Mais que temperatura, é alma febril trespassando a carne, e que o faço tão bem, vibrando tão comedida no gozo para fora e apenas sinto o papel, e entre os dedos a caneta. Aperto-a, violo a folha humedecendo o mais querer furá-la, queimá-la na saliva de me sentir tão viva e possessa.

Vem para baixo comigo que não te quero sem som, não te toco sem luz e a mácula aliena-me a máscara de verter-me por completo no teu rosto. Não alcanço o limite e nem assim me deixo ficar, mas assento, e sinto. Ai como sinto, entre os suspiros que o estar sozinha me dá. Consta-me que nada mais ofereces que existir entre a tua pele e as curvas do teu corpo, mas sabes como lamber o dia, distorcer as formas do meu ser, indefinindo-me a um estar mais além do concreto.

Lutas sem luto, sem remorso de te aleijares nessas farpas cuspidas a tanto fervor da latente vontade, e tão valiosa é essa língua de ouro, e tão brilhante me tornas quando me conduzes assim, daqui para ali. Dá-me o teu sorriso enquanto o teu ocaso é para dentro de mim, e tão fundo consegues ir, tão real te sinto que poderia afirmar que somos mais que um. Enquanto os teus dedos tentam parar a minha enxurrada, os meus comprimem-te a raiz do mal, e tão bem te desejo na maldade de me esventrares até nem pergaminho existir que denuncie que algum dia tenhamos existido.

Entre as nuvens queimadas, o céu tinge-se de vermelho teu nome, sede vestida a teu sonho, e com a fome dos homens regozijas. De escassez minas a minha vontade, porque mais te quero pintar. Tanta vontade tenho por sentir que me esgoto, quanto mais te dou à boca a minha figura diluída a transparências ocultas. Gota perdida no canto dos teus lábios, noutros meus, e meus são, sendo teus apenas.

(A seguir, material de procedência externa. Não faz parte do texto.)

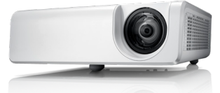
DELL ADVANCED LASER PROJECTOR: S518WL
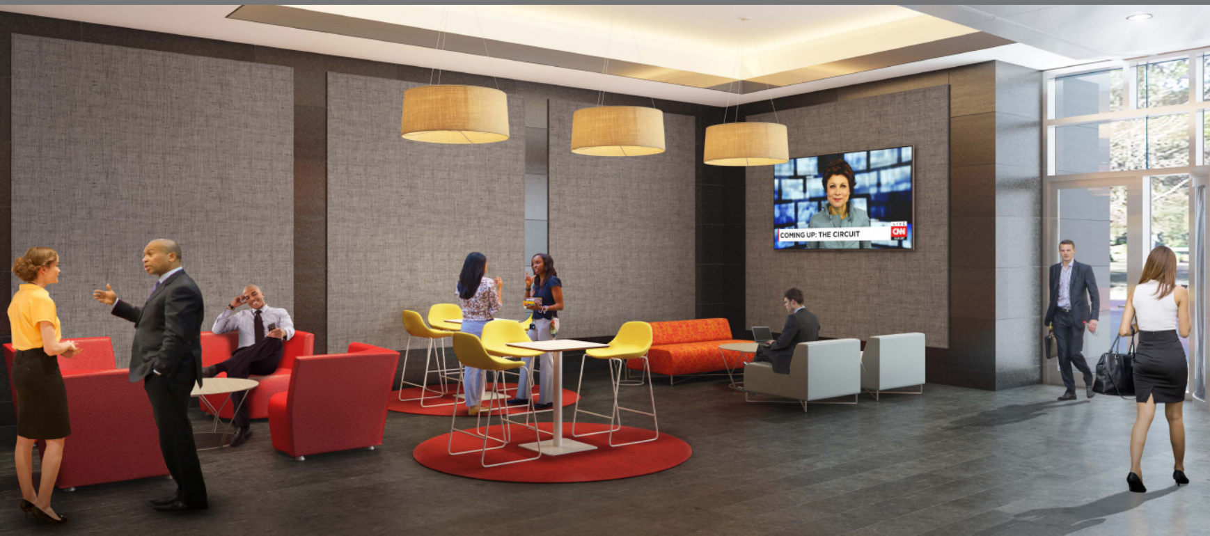
FIRST-CLASS LOBBY with concierge services, new tenant lounge, large screen TV and Wi-Fi.
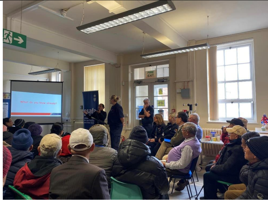
KENT FIRE AND RESCUE SERVICE
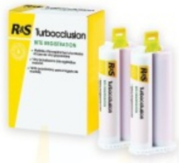
Turbocclusion Silicone bite registration material kit / 2X50ml + 12 tips
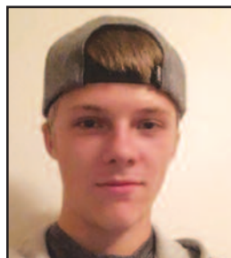
Garrett Dahle Management

"My favorite memory of Halloween growing up has to be carving pumpkins with my family."
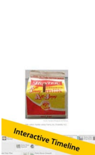
State Symbols Timeline

To read entries about many of North Carolina's most well-known state symbols and the history of North Carolina in Spanish, visit this NCpedia link: https://ncpedia.org/libro-de-hechos-de-el-viejo-estado-del-norte [6]

Fala-me na tua lábia, fingindo a mordaça ser um acessório para me dizeres tua, desnuda, permuta de veia para artéria, da noite para o dia.

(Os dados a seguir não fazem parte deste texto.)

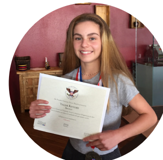
Award winning student tutor
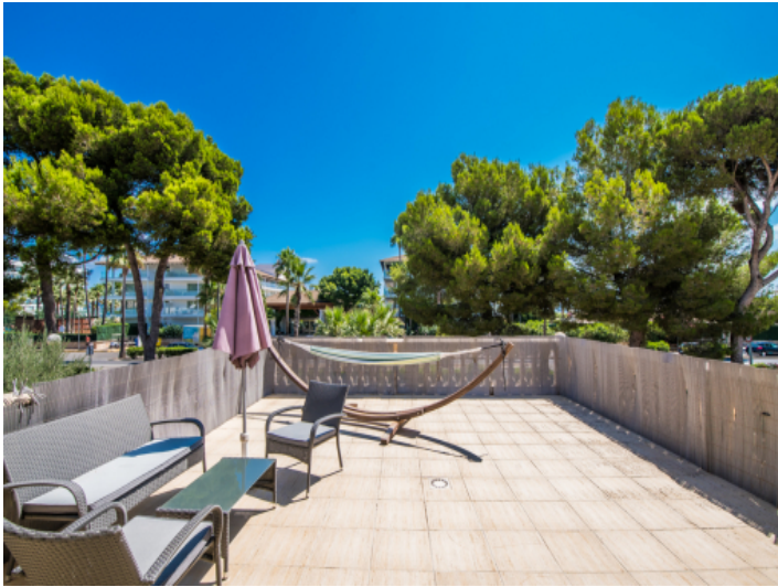
Sunny roof terrace
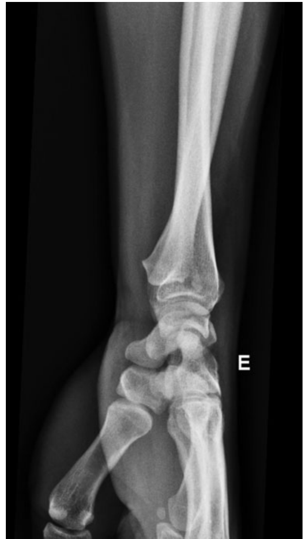
Fig. 2 Initial X-ray - Lateral View.

pronation was found to be complete and stable, but every attempt at supination resulted in a new volar dislocation of the ulnar head. The TFCC had ruptured from the fovea, and was fixed to it with a bone anchor. The dorsal capsule was closed and reinforced with a plicature. The DRUJ was temporarily fixed with two Kirschner wires in neutral position. The patient was immobilized with a cast and splint below the elbow. After two weeks, the sutures were removed, and full flexion and extension of the wrist and elbow were allowed. A block of the pronation and supination was maintained until 7 weeks after surgery, when the Kirschner wires were removed. Then the patient was allowed to perform full pronation, but used a dynamic splint that would block supination. Then, he initiated the rehabilitation. Twelve weeks after surgery, total range of movement was allowed.

A verdade é a tua vontade transcrita na pele, no teu cheiro nocturno. Um lobo que sonha com o mundo dos homens, entre as luzes da cidade e a terra fria da floresta. A vontade impera em fazer-te mais que meu, a vontade de ser tua, a vontade de te esquecer em cada linha que passa no percalço de tropeçar num galho, e com o ruído violo o silêncio, esquivares-te na bruma que o teu pêlo emana. Com o resto de homem guardado e quase desvanecido em ti, camuflado nas horas pardas das sombras, sou a tua espera, a fera, esfera de cristal que te vê. Lendo-te a sina, desejo tão maldito quanto as palavras que não existem, sem te acabar em cada fim, não pares de me querer somente tua. Actua na tua, mexe-me por dentro, onde sou crua, aqui onde tu és... só tu.